PROBLEM REQUIREMENTS: In the records below, repeat exactly the lines between the line holding "Reveal Just Enough." and the line holding "Weighing the empty", inclusive, and drop the pictures.

AVAILABLE DATA:
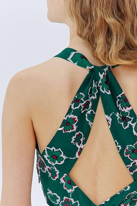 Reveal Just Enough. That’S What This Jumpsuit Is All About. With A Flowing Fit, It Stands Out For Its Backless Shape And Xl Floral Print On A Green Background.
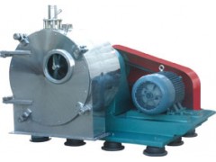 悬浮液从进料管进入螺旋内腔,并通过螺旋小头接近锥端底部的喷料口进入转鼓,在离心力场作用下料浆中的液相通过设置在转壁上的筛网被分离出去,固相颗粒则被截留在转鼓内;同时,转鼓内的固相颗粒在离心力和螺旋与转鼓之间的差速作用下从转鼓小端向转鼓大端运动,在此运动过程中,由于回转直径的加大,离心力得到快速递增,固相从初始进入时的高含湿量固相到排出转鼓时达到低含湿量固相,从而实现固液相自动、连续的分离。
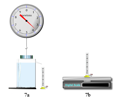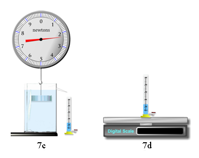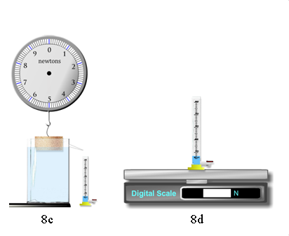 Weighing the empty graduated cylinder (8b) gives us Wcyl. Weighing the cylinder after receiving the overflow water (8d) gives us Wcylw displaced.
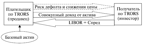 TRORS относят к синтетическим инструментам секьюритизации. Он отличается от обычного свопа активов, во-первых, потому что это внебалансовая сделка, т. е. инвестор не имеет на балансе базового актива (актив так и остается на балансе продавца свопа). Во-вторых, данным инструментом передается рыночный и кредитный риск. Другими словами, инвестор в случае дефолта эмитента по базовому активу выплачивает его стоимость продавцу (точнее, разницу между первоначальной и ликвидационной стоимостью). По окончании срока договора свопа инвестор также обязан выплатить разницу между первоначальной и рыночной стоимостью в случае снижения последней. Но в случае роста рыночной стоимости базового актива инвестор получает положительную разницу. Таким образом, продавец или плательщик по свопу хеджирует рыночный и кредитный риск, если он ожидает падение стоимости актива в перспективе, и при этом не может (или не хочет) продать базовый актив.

--

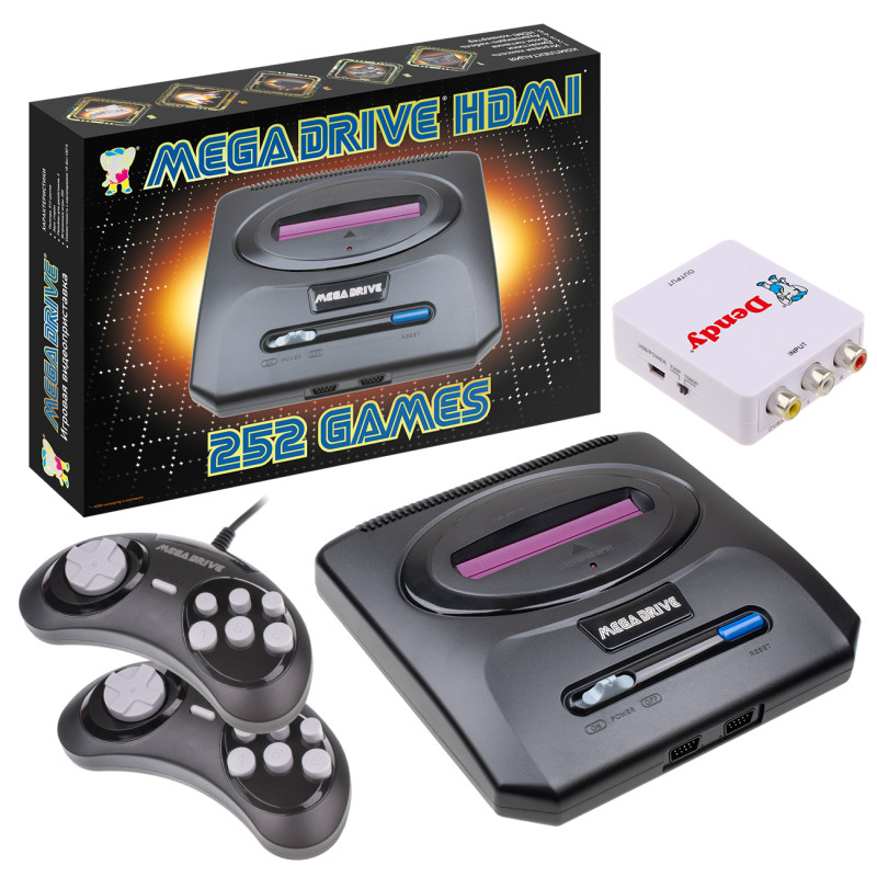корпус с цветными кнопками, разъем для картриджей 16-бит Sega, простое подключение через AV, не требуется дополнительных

* * *

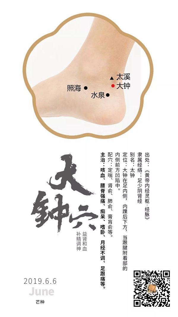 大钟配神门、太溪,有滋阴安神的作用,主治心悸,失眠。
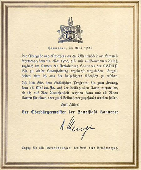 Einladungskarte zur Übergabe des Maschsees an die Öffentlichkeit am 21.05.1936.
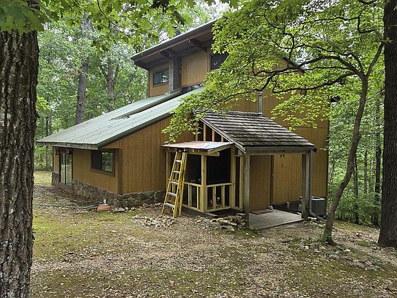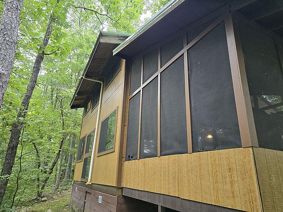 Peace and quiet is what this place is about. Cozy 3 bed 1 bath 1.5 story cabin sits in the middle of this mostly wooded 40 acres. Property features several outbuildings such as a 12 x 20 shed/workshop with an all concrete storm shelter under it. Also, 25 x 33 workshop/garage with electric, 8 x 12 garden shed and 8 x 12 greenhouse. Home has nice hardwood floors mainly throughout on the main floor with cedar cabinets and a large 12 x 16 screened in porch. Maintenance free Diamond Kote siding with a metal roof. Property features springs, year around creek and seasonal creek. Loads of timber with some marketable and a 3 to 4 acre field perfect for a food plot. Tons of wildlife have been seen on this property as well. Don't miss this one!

TASK RESPONSE:
 Reveal Just Enough. That’S What This Jumpsuit Is All About. With A Flowing Fit, It Stands Out For Its Backless Shape And Xl Floral Print On A Green Background.
 悬浮液从进料管进入螺旋内腔,并通过螺旋小头接近锥端底部的喷料口进入转鼓,在离心力场作用下料浆中的液相通过设置在转壁上的筛网被分离出去,固相颗粒则被截留在转鼓内;同时,转鼓内的固相颗粒在离心力和螺旋与转鼓之间的差速作用下从转鼓小端向转鼓大端运动,在此运动过程中,由于回转直径的加大,离心力得到快速递增,固相从初始进入时的高含湿量固相到排出转鼓时达到低含湿量固相,从而实现固液相自动、连续的分离。
 Weighing the empty graduated cylinder (8b) gives us Wcyl. Weighing the cylinder after receiving the overflow water (8d) gives us Wcylw displaced.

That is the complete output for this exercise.